Accordingly, I respectfully dissent and would affirm the dismissal of Glover’s claims against Udren.
. Act of Jan. 30, 1974 P.L. 13, No. 6 (as amended 41 P.S. §§ 101-605).
. In full, Section 502, entitled, "Usury and excess charges recoverable,” provides:
A person who has paid a rate of interest for the loan or use of money at a rate in excess of that provided for by this act or otherwise by law or has paid charges prohibited or in excess of those allowed by this act or otherwise by law may recover triple the amount of such excess interest or charges in a suit at law against the person who has collected such excess interest or charges: Provided, That no action to recover such excess shall be sustained in any court of this Commonwealth unless the same shall have been commenced within four years from and after the time of such payment. Recovery of triple the amount of such excess interest or charges, but not the actual amount of such excess interest or charges, shall be limited to a four-year period of the contract.
41 P.S. § 502.
. Act 6 defines "person" as "an individual, corporation, business trust, estate trust, partnership or association or any other legal entity, and shall include but not be limited to residential mortgage lenders.” 41 P.S. § 101. In contrast, "residential mortgage lender” is defined as “any person who lends money or extends or grants credit and obtains a residential mortgage to assure payment of the debt. The term shall also include the holder at any time of a residential mortgage obligation.” Id.

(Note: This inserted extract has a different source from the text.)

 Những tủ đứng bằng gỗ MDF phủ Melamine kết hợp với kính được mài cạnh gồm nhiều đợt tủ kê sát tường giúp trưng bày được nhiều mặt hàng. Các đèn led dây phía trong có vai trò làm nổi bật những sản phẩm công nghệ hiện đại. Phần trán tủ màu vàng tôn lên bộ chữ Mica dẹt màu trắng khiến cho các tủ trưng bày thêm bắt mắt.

. Section 406, entitled "Attorney’s fees payable,” provides:
With regard to residential mortgages, no residential mortgage lender shall contract for or receive attorney’s fees from a residential mortgage debtor except as follows:
(1) Reasonable fees for services included in actual settlement costs.
(2) Upon commencement of foreclosure or other legal action with respect to a residential mortgage, attorney’s fees which are reasonable and actually incurred by the residential mortgage lender may be charged to the residential mortgage debtor.

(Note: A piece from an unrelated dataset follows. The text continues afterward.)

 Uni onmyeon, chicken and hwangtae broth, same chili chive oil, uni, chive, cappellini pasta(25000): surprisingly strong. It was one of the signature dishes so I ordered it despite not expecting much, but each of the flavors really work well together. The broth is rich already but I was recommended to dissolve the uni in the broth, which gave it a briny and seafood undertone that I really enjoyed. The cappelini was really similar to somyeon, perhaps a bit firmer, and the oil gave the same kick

(3) Prior to commencement of foreclosure or other legal action attorneys’ fees which are reasonable and actually not in excess of fifty dollars ($50) provided that no attorneys’ fees may be charged for legal expenses incurred prior to or during the thirty-day notice period provided in section 403 of this act.
41 P.S. § 406.
. Indeed, the plaintiffs in the case at bar pursued actions against Udren under the federal Fair Debt Collection Practices Act, 15 U.S.C. §§ 1692-1692p, and the Pennsylvania Fair Credit Extension Uniformity Act (FCEUA), 73 P.S. §§ 2270.1-2270.6. The plaintiffs’ claims, however, were dismissed by the federal courts. The Court of Appeals for the Third Circuit explained, inter alia, that Law Firm was not liable as a "debt collector” because it was acting as an attorney prosecuting a *635lawsuit to reduce a debt to judgment, which is specifically excluded from governance by the FCEUA. Glover v. F.D.I.C., as receiver for Washington Mutual Bank., F.A., 698 F.3d 139, 152 (3d Cir.2012),
. Notably, Glover sought damages from the Mortgage Companies for violation of Section 406 of Act 6, but the federal courts found that she failed to meet the necessary burden of proof. Glover v. Wells Fargo Home Mortg., 629 Fed.Appx. 331, 343 (3d Cir.2015) (concluding that, in regard to Wells Fargo, Glover failed "to present evidence on which a reasonable jury could conclude that she was charged attorney's fees not incurred or permitted under the loan documents and, more significantly, that she paid any such fees”).